British clergyman (1854-1943)

George John Howson (1 May 1854 – 20 May 1943) was an Anglican archdeacon.

Howson was born in Liverpool in 1854 where his father, John Howson, was Principal of the Liverpool Collegiate Institution (Liverpool College). He was educated at that college and Haileybury College and went to Trinity College, Cambridge in 1873, achieving a BA degree and an MA in 1880. He was ordained in 1878. After a curacy at Maidstone, during which time he married Ethel Dealtry, daughter of the vicar of Maidstone, he held incumbencies in Overton-on-Dee; Christ Church, Crewe (from 1888); Christ Church, Salford (from 1901); Crumpsall; Southport and Woolton. He was Archdeacon of Warrington from 1916 to 1933, and then of Liverpool from 1933 until his retirement in 1934.
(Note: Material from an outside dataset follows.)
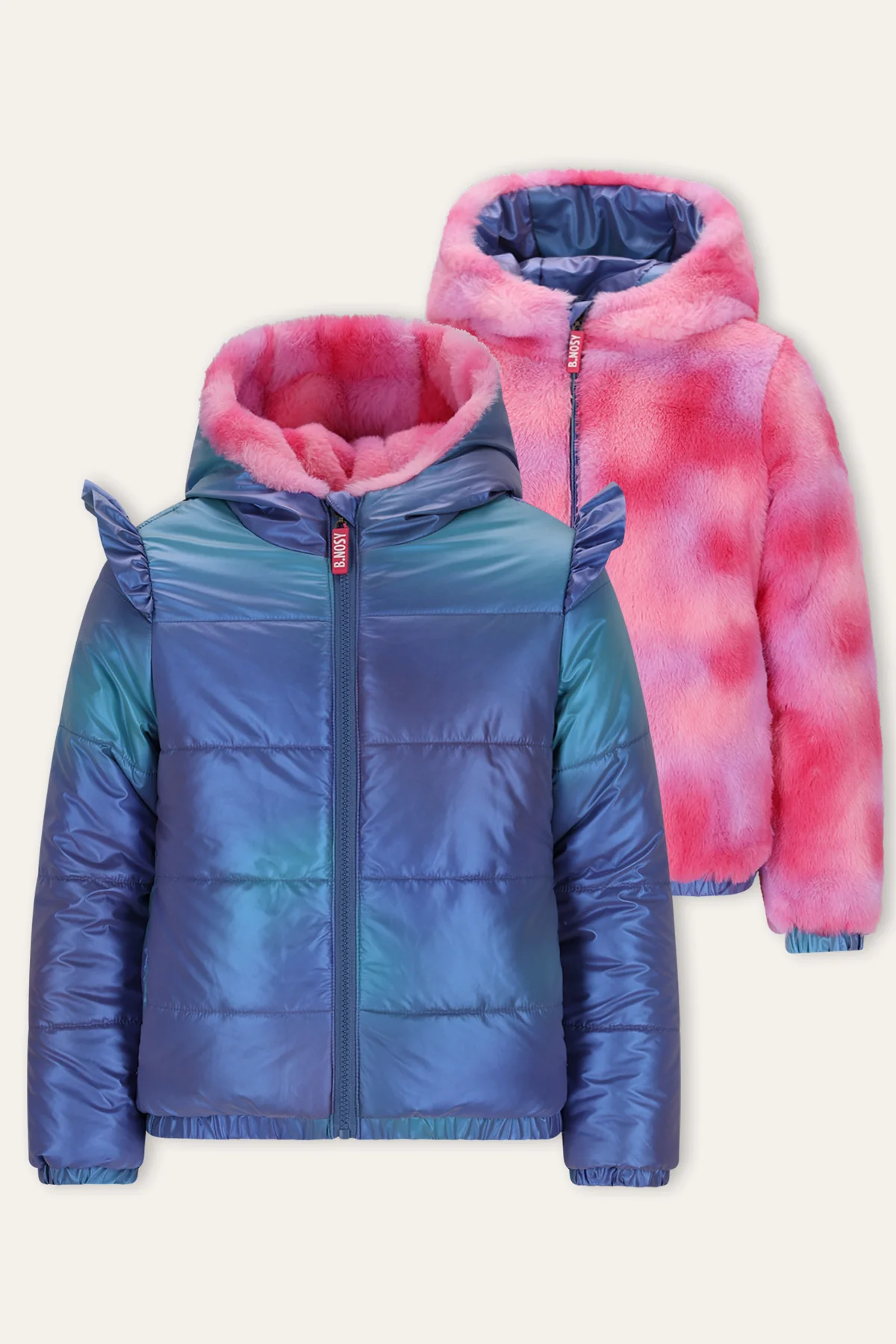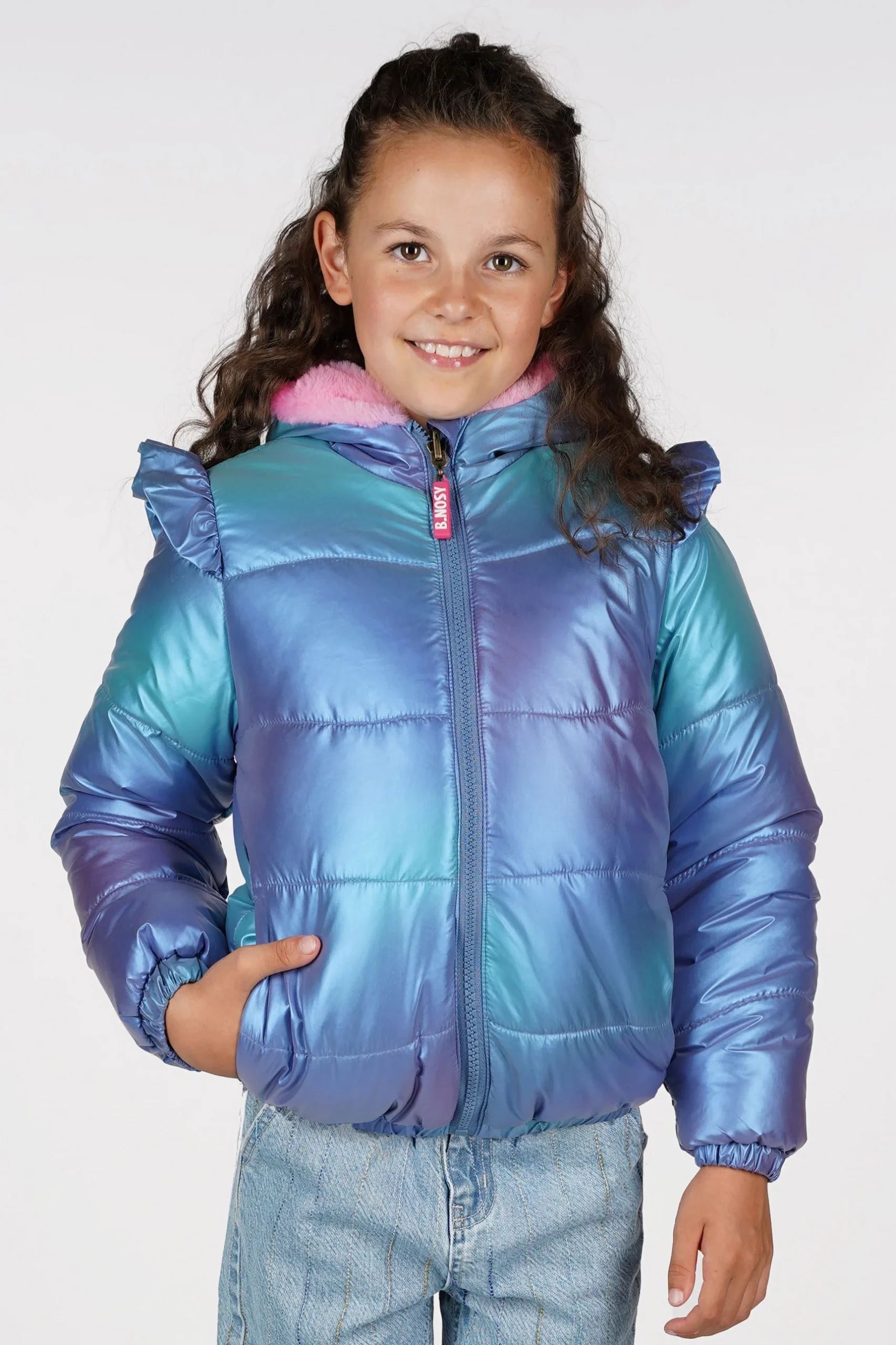 De B.Nosy Joy Jas is een speelse jas in blauw met een mooi gradient effect. Gemaakt van gerecycled polyester en perfect te combineren met andere B.Nosy kleding. Deze reversible jas, met aan de andere kant een zachte fake fur, brengt stijl en comfort samen. Een must-have voor elke wintergarderobe vol avontuur! Scan de QR-code om de reis van het kledingstuk te ontdekken!

His son, also George (1886–1936), was the founder and chairman of the Royal British Legion Poppy Factory. His daughter Joan (1885–1964) was a stained glass artist of the Arts and Crafts movement; together with Caroline Townshend she founded the Townshend and Howson company.

George and Ethel lived at 79 Deodar Road, Putney, next to their daughter Joan. Ethel died in 1937, and George on 20 May 1943.

His younger brother James Francis (Frank) Howson (1856–1934) was Archdeacon of Craven from 1928 to 1934.